Cuba’s first Jewish arrivals had Sephardic backgrounds, Turkish heritage and (with more than a century in the Caribbean) an Afro-Latinx identity, as well.
With this, Cuba’s Jews encourage us to think about our own Bay Area and American Jewish community’s engagement with Jews of color. Unlike the sharp divide separating diverse Jews in the U.S. from our communal organizations, Cuban Jews reflect a much fuller embrace and integration of their Jewish residents.
As traveler Cindy Ostroff noted, Cuban Jews “came together to make a Jewish population that is as diverse as our own.”
The island’s white Ashkenazi population grew most in the years after the U.S. Congress all but eliminated Jewish immigration in the 1920s. Were it not for timing, perhaps a whole lot of Bay Area Jewish families would have been Cuban.
Watching Cuba’s own “Jews of the global majority,” in partnership with their Ashkenazi brethren, offers us a vision of what our own diverse community could realize.
At a time of rising anti-Semitism on our shores, each and every Cuban Jew we met testified to the absence of Jew hatred in their lives. No security guard protects Havana’s main synagogue. Inside their house of worship, we heard how Fidel Castro himself attended a Hanukkah celebration — but only after it was described to him as the Jews’ revolution against oppression.
Though they are part of a subsistence economy that grants the average Cuban just $1,000 to $2,000 USD a year in salary, Jews have a way out: aliyah to Israel. In fact, our government guide used the Hebrew word taglit to tell us about how Cuban Jewish youth travel to Israel on Birthright.
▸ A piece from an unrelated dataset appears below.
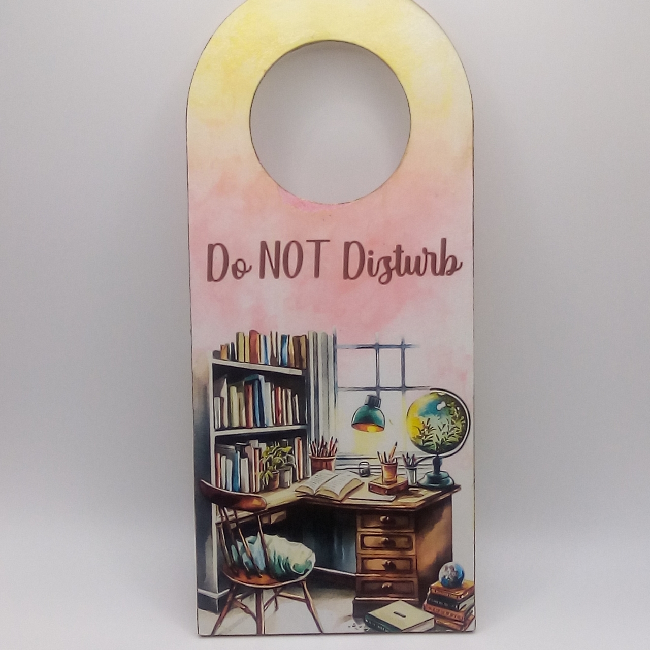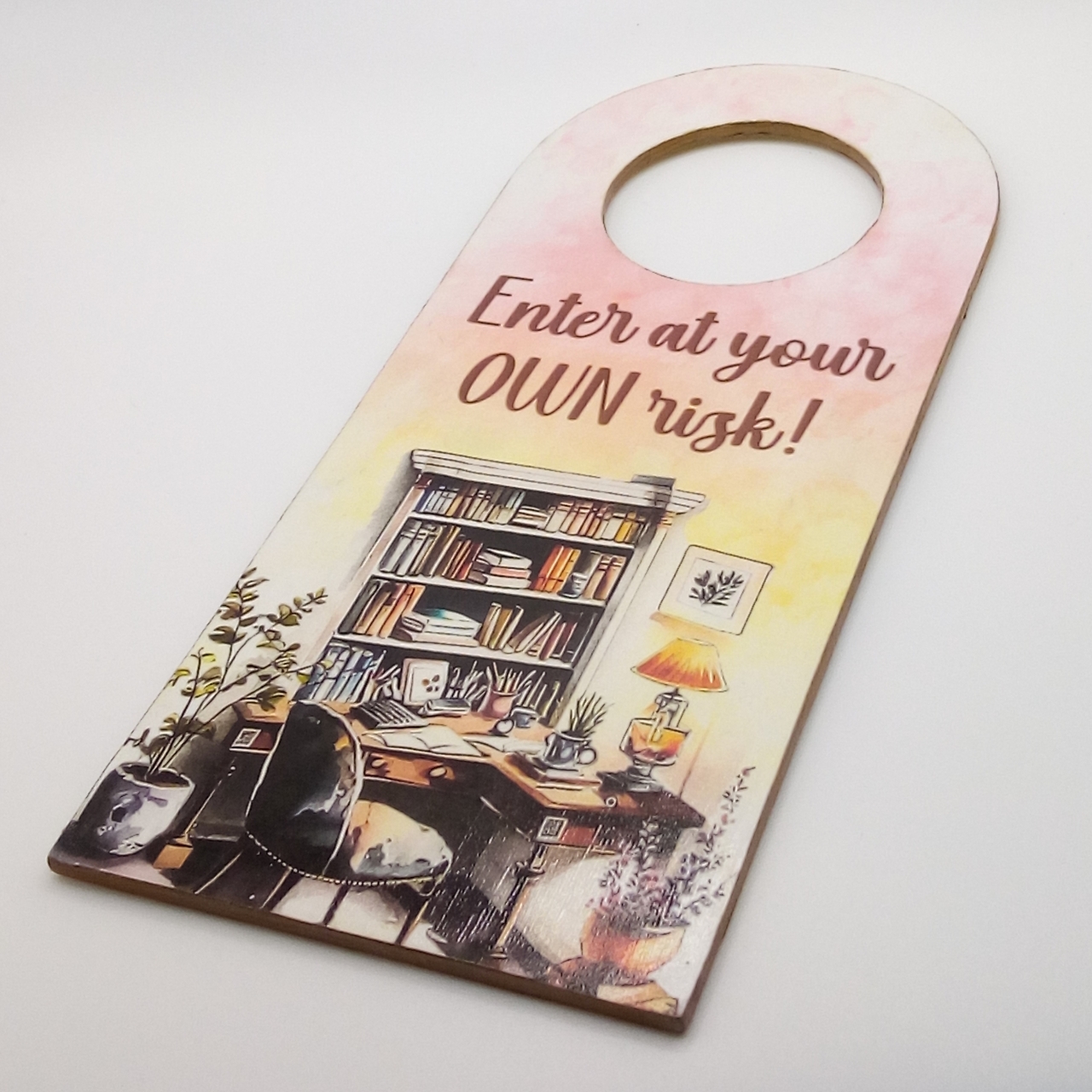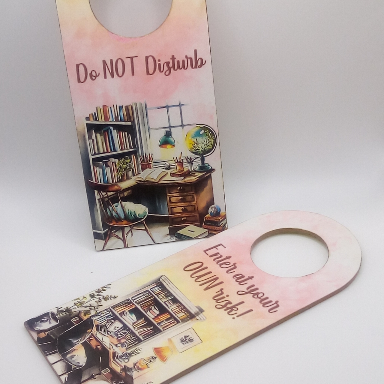 Μία διαφορετική παράσταση χώρου γραφείου στο σπίτι απεικονίζεται σε κάθε πλευρά με το λεκτικό "Do NOT Disturb" στην μία και το "Enter at your OWN risk!" στην άλλη.

An elderly leader of a community of just 20 Jews shared with us that his son and grandchildren live in Israel. When we asked why he stays, he told us about his love for Cuba and the life he’s built there. How surprising to learn that he picked a tiny Cuban Jewish community over life in Israel with his kids and grandkids.
Cuba’s Jews are long past the stigma of intermarriage. Nearly all their youth marry partners who were not raised Jewish. Yet the nation’s Jewish leaders embrace all who come to engage Jewish life, regardless of their different religious (or secular) pasts.
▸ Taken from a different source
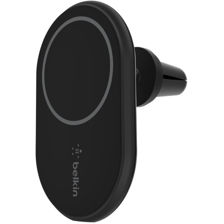 Ładuj urządzenie iPhone z serii 12 w prosty i bezpieczny sposób w samochodzie za pomocą zamontowanej na wywietrzniku, kompatybilnej ładowarki samochodowej MagSafe,...

Without offense to any of our U.S. rabbis, traveler Marci Dollinger, my wife, reflected on Cuba Jewry’s ability to sustain its religious practice with a three-times-a-year rabbi (who lives in Chile).
For Julie Fingersh, that meant an emphasis on educating their youth. “While here in America we struggle to get our teens to be engaged, there they are leading services because there are no rabbis,” she said.
Loren Kertz experienced nothing less than “the pure desire for the Cuban Jews to just be Jewish.”
Others marveled at the apparent contradictions between the Cuba we witnessed and the assumptions we brought with us.
Ricki Henschel left impressed with Cuban Jews’ “openness to talk about their past, present, and fears and hopes for the future.” Raoul Stepakoff “saw a country hampered by its own political rigidity, neglecting the natural talent and resourcefulness of its people.” Jodie Silberman cheered the “moral responsibility that Cubans feel for the elders in both their family and community.”
Simply put, one participant concluded, Cubans “seem happier than many of my friends in the Bay Area.”
Navigating what’s Jewish, what’s Cuban, what’s communist and what’s been imported from the perspectives of American Jewish tour groups proves vexing. This might be the trip’s greatest teaching. Cuban Jews hold it all, presenting us with a community that confounds our long-held assumptions about their country and their religious practice.
Perhaps those of us in the Bay Area and beyond can hold together our own Jewish complexities. And by taking a trip somewhere else, perhaps we can pause, reflect and hold all our identities together, as well.